La linea del governo italiano ha evitato la rottura frontale con Washington, presentando il diniego come applicazione rigorosa degli accordi bilaterali vigenti — non come presa di posizione politica contro la guerra in Iran. Una distinzione che finora ha retto, ma che la nuova ondata di dichiarazioni di Trump mette sotto pressione.
Starmer difende la NATO, ma il dossier si allarga
Il premier britannico Keir Starmer ha risposto alle dichiarazioni di Trump in una conferenza stampa del 1° aprile, definendo la NATO “l’alleanza militare più efficace che il mondo abbia mai visto” e ribadendo che il Regno Unito “rimane pienamente impegnato” nell’Alleanza. Ha aggiunto che qualunque pressione riceva, agirà sempre nell’interesse nazionale britannico.
Starmer non ha ceduto nemmeno alle critiche dirette: Trump nell’intervista al Telegraph ha attaccato la Marina britannica con toni sprezzanti, mettendo in dubbio le capacità operative delle portaerei della Royal Navy. Starmer ha annunciato che il Regno Unito ospiterà a breve una riunione di circa 35 Paesi per discutere la riapertura dello Stretto di Hormuz.
Sul fronte legislativo, esiste un ostacolo concreto alla minaccia di Trump. Una legge approvata nel dicembre 2023 dall’amministrazione Biden impedisce a qualsiasi presidente di ritirare unilateralmente gli USA dalla NATO senza l’approvazione di due terzi del Senato o un apposito atto del Congresso. Gli esperti di diritto costituzionale americano hanno tuttavia sollevato dubbi sulla possibilità che Trump tenti di aggirare questo vincolo invocando le prerogative presidenziali in materia di politica estera.

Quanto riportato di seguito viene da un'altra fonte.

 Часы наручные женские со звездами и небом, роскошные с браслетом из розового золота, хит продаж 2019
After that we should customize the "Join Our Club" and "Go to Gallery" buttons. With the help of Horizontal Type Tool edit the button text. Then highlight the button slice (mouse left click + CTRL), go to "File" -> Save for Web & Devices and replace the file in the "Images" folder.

Cosa cambia per Sigonella se la NATO si spacca
La base catanese non è un asset qualunque nell’architettura militare americana nel Mediterraneo. Ospita droni RQ-4 Global Hawk per intelligence, sorveglianza e ricognizione, ed è il principale hub della Naval Air Station USA nel Mediterraneo, a supporto della Sesta Flotta. Ogni ridefinizione del rapporto tra Washington e i Paesi alleati si riverserebbe direttamente sugli accordi bilaterali che regolano la presenza americana in Italia dal 1954.

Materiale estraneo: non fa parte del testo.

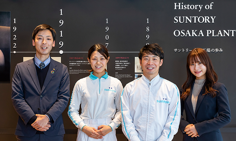 大阪工場は1919年に開設され、サントリー様の中で最も歴史の古い工場です。「赤玉ポートワイン」の瓶詰工場としてスタートし、今では世界有数の最新鋭の設備・製造環境を備え、ウイスキー、ブランデー、ジン、焼酎、リキュールなど様々なお酒を生産されています。

Il Bilateral Infrastructure Agreement, siglato il 20 ottobre di quell’anno e mai pubblicato integralmente per via della sua classificazione di segretezza, stabilisce un sistema a doppio binario: comandanti italiani gestiscono l’infrastruttura, comandanti americani gestiscono le operazioni. Se la cornice NATO dovesse indebolirsi o dissolversi, questo equilibrio andrebbe rinegoziato da zero — con implicazioni che non riguardano solo Sigonella ma anche Aviano e Camp Darby a Livorno.
Crosetto ha già tracciato una linea: gli accordi si rispettano, ma ogni operazione fuori dal loro perimetro richiede autorizzazione parlamentare. Se la pressione di Washington dovesse intensificarsi — anche in uno scenario post-NATO — quella linea resterebbe l’unico punto fermo disponibile.